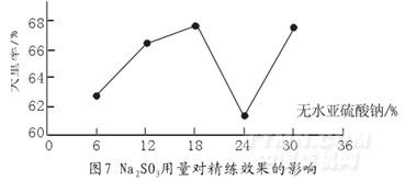 由上圖可得出結論,當Na2SO3為18%(omf)時,失重率最大為67.62%。可以獲得最佳的處理效果。
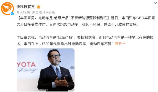 丰田章男又一次对电动车发起言论进攻。据媒体报道,近日,丰田汽车董事长丰田章男在接受采访时称,电动汽车是“低级产品”,不算新能源,要抵制到底。
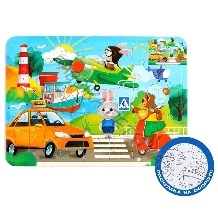 Пазл - раскраска в рамке «Транспорт», 34 детали
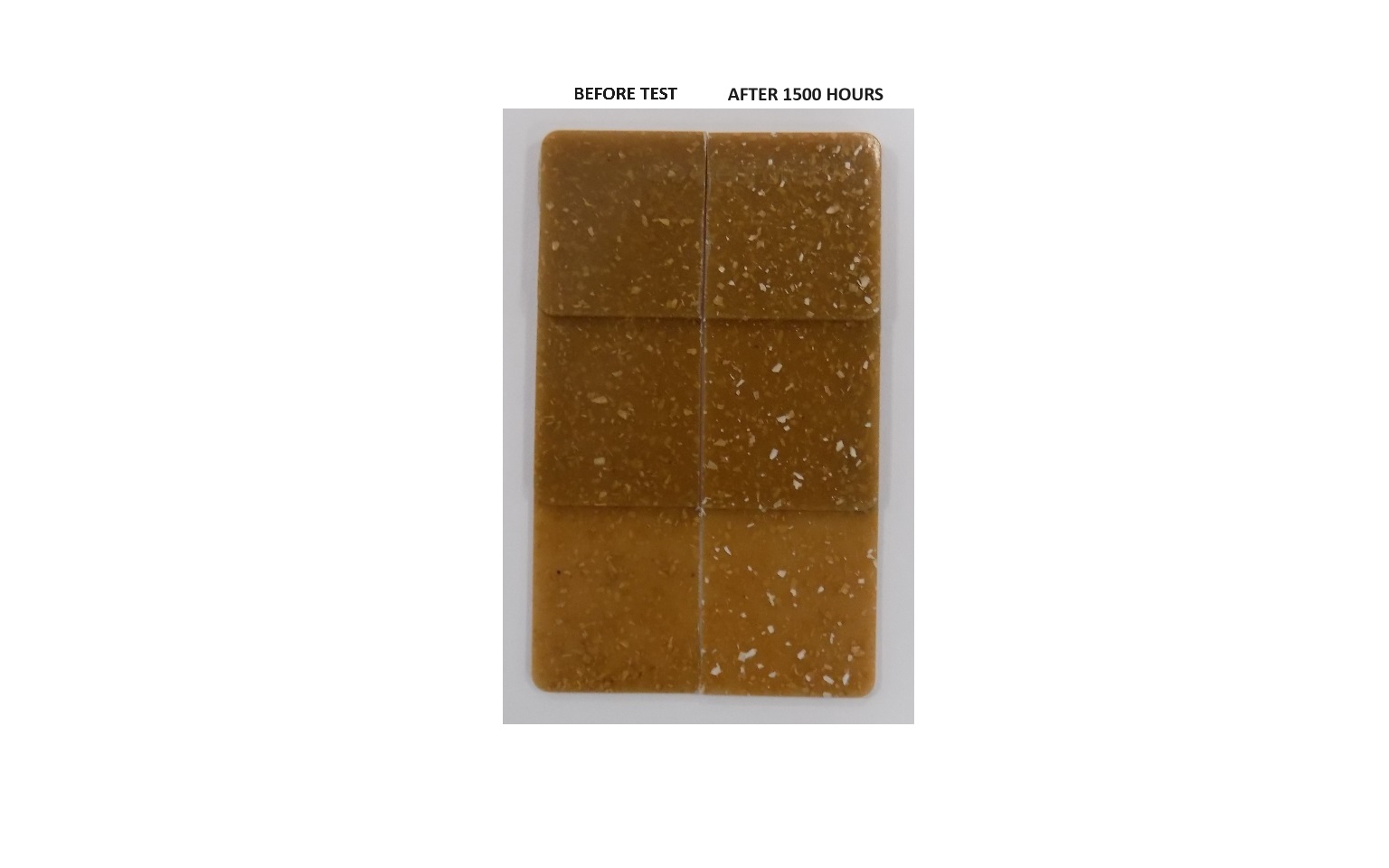 The product Tecolen® BIO HP50 ZF20 BR043 CU 03 0H with a content of 20% glass fiber/natural filler was tested according to ISO 4892-2 test method for 1500 hours and benchmarked by the initial surface properties (Figure 1). Color and surface appearance properties were checked with the test performed by simulating outdoor conditions. The product is perfectly suited to the use in harsh outdoor conditions with its optimized filler/reinforcement ratio and its formulation delivering the right stabilization.
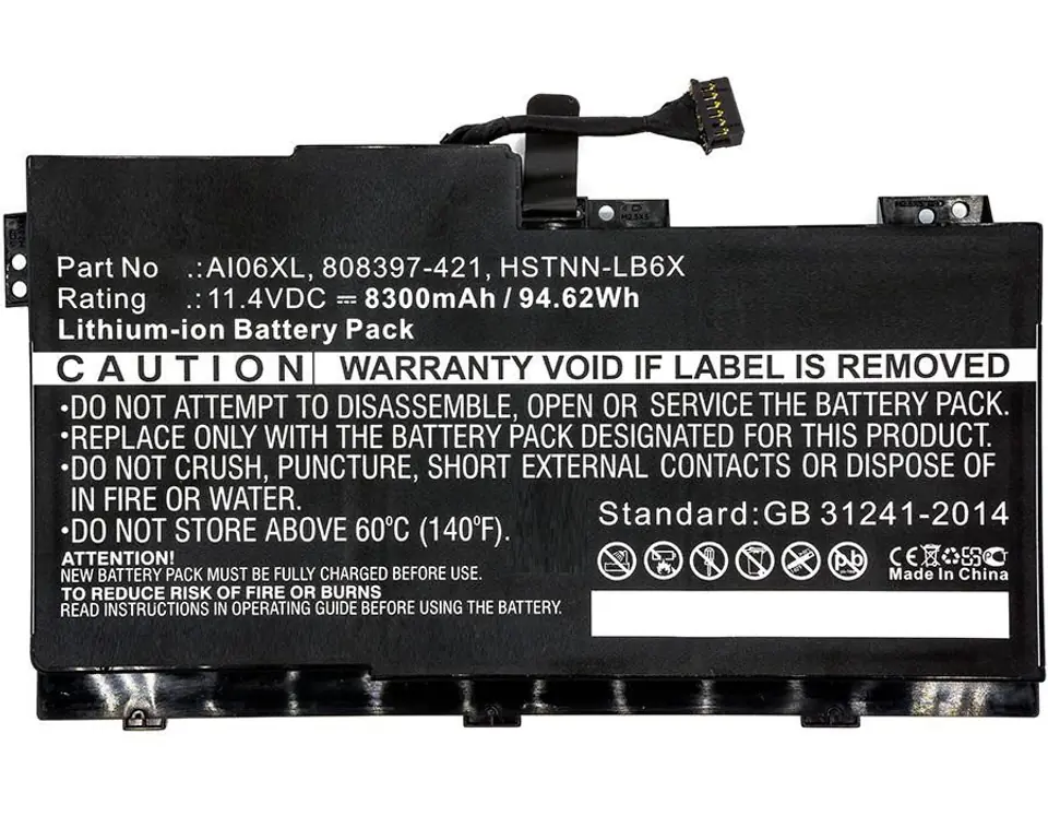 CoreParts Laptop Battery for HP 95.76Wh 11.4V 8400mAh 95Wh Li-ion 11.4V 8300mAh Black, ZBook 17 G3, ZBook 17 G3 M9L94AV, ZBook 17 G3 T7V61ET,
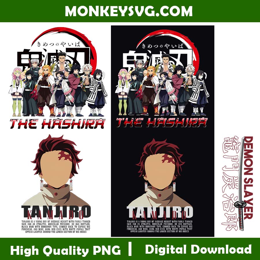Demon Slayer Hashira Design Bundle SVG PNG, Kimetsu No Yaiba Merch Png, Tanjiro Kamado Sun and Water Breathing Shirt Png, File Digital Download, Transparent Background
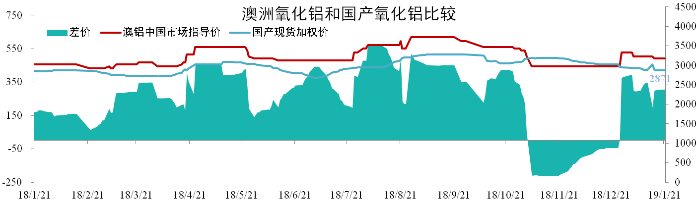 截至1月21日,國產氧化鋁現貨加權均價為2871元/噸,環比下降4.92%。澳鋁中國市場指導價為3175元/噸,同比上漲4.96%,國產氧化鋁價格較澳鋁指導價低304元/噸。
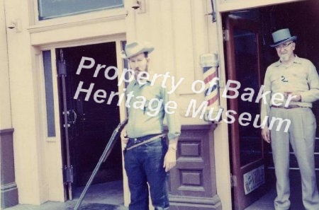 7 photos of historic reenactments for Oregon Centennial 1959 celebration. Downtown Baker City.
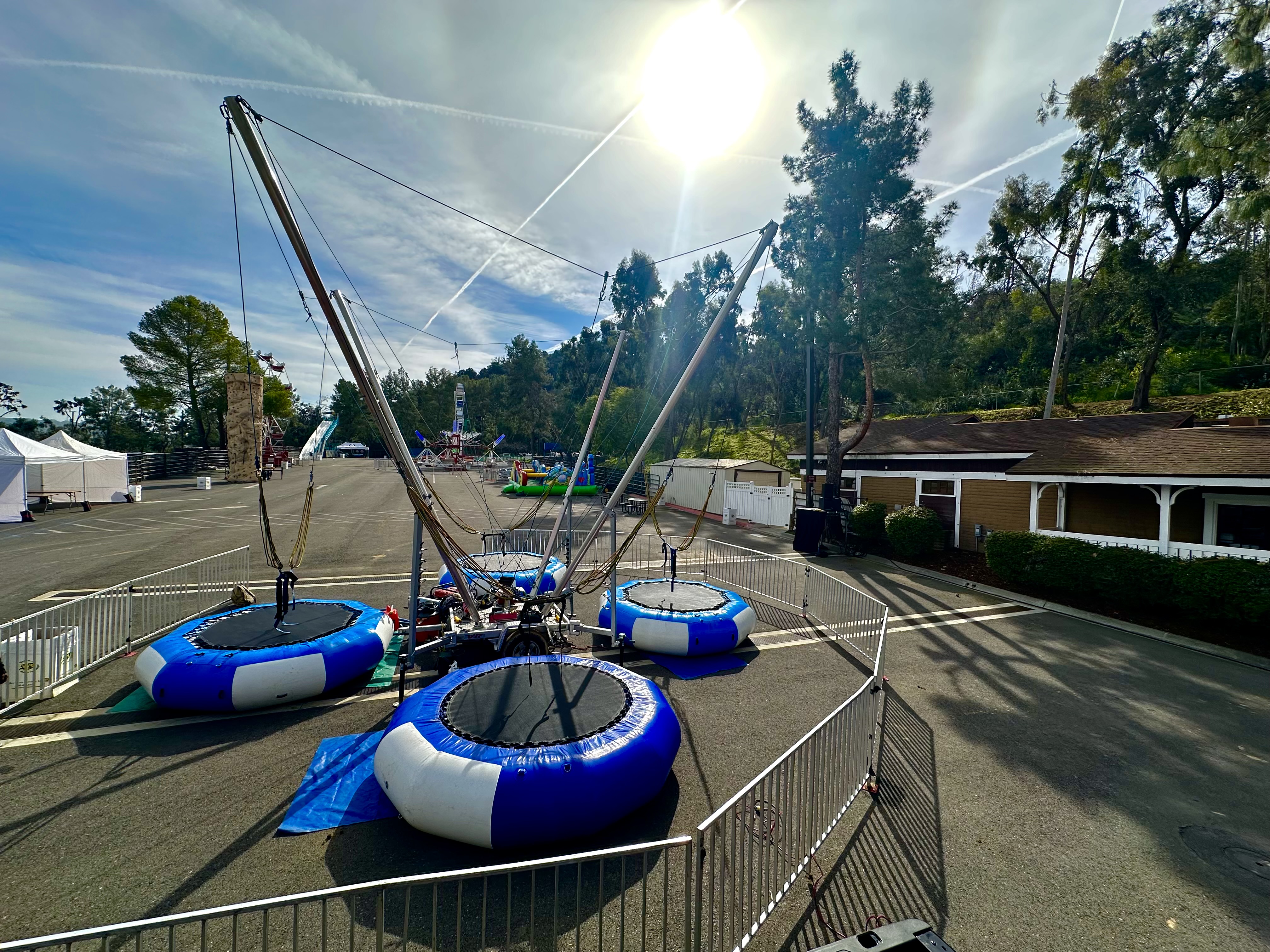 Rent the Bungee Trampoline Quad Pod in Mission Viejo, Long Beach, Tustin, Orange County, the greater Los Angeles area, the Inland Empire and Southern California. The Monkey Motion Quad Pod is Quad Pod Bungee Trampoline rentalgreat for birthday parties, special events, corporate functions and church events. Take on the world on this incredible 4-station Bungy Trampoline! You are attached to the Euro Bungy and the harder you jump, the higher you fly into the air. You can even do spins in the air! This event is great fun, high profile, and can even be a fantastic workout, popular with all age groups. Great for kids as well as adults up to 200lbs. The Bungy Trampoline is sure to bring in a crowd of spectators and participants! Our Quad Pod Trampoline is fully portable, mounted on a trailer for quick, safe and easy set-up. $1,999 price is for three hours and includes two attendants to make your event easy and enjoyable. Electrical plug-in must be within 100' to ensure proper operation. Additional delivery charges may apply. Colors may vary.
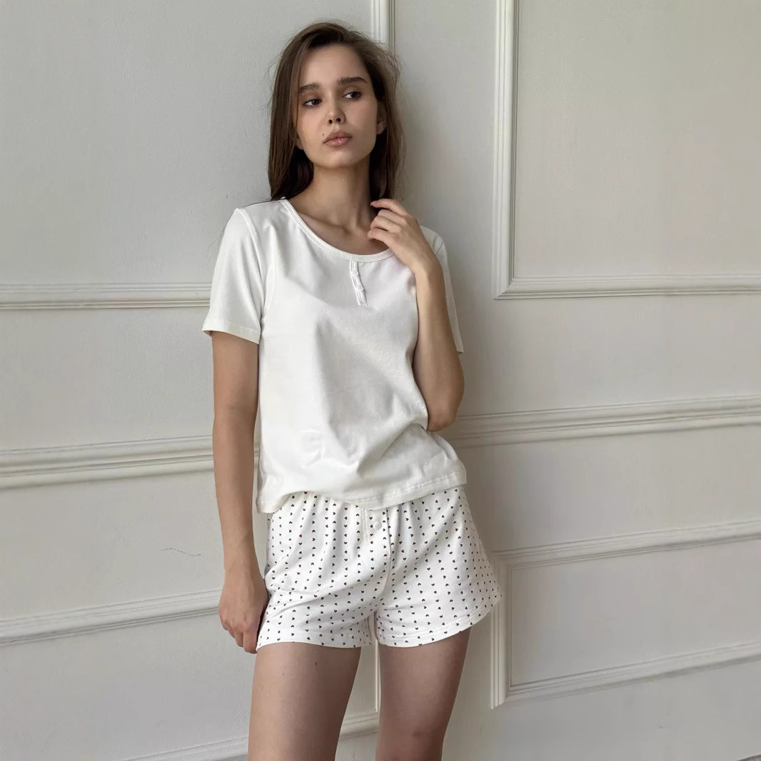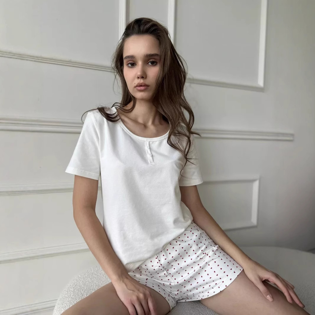 Love printed short-sleeved shorts suit with fresh style, round neck, casual and comfortable home wear and pajamas two-piece set
————————
● PROBLEM DESCRIPTION: Beginning at the line that has "截至1月21日,國產氧化鋁現" and ending at the line that has "7 photos of", restate the listing above word for word, pictures left out.

● TASK RESPONSE:
 截至1月21日,國產氧化鋁現貨加權均價為2871元/噸,環比下降4.92%。澳鋁中國市場指導價為3175元/噸,同比上漲4.96%,國產氧化鋁價格較澳鋁指導價低304元/噸。
 7 photos of historic reenactments for Oregon Centennial 1959 celebration. Downtown Baker City.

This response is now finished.